WeChat is the most popular social media platform in China. And WeChat is far more prolific in terms of capabilities than any social media company here in the U.S.

WeChat users book doctor’s appointments through the app. They purchase products through the app. They rent bicycles through the app. They can send money to family and friends through the app. They use the Chinese version of Uber through the app.

Basically, WeChat made a portal for users to do the things that they do in their daily lives. And it has been remarkably successful. In fact, WeChat did $113 billion in commerce on its platform last year.

Yet WeChat isn’t the one developing the apps that let its users book appointments, buy products, and rent bikes. Third-party developers using WeChat’s developer platform make these apps.

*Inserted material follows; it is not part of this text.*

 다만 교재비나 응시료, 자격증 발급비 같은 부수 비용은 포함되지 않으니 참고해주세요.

So Snap is just mimicking what WeChat did to become so incredibly “sticky” in China. It is inviting developers to make apps that run on Snapchat.

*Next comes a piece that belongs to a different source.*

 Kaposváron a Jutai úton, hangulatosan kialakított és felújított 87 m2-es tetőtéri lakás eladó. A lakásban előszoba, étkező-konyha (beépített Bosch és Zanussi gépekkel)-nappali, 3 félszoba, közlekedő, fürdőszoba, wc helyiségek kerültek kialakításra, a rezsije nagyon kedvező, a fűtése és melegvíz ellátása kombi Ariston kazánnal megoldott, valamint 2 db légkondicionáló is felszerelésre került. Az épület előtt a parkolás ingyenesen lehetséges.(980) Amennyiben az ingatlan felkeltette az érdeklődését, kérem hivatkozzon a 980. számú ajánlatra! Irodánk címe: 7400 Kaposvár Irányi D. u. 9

And guess what? Tencent owns WeChat. Now it all makes sense…

This is a major strategic shift for Snap, and it could transform the company if it is successful.

But Snap is going to have fierce competition. We talked about Facebook’s new “Shops” e-commerce platform last week. American social media companies know there’s a ton of money to be made if they can drive more economic activity on their platforms.

I am excited to watch this development play out. It’s a bold move by Snap, with the obvious backing from its investor (Tencent), and it could pay massive dividends if it can pull it off.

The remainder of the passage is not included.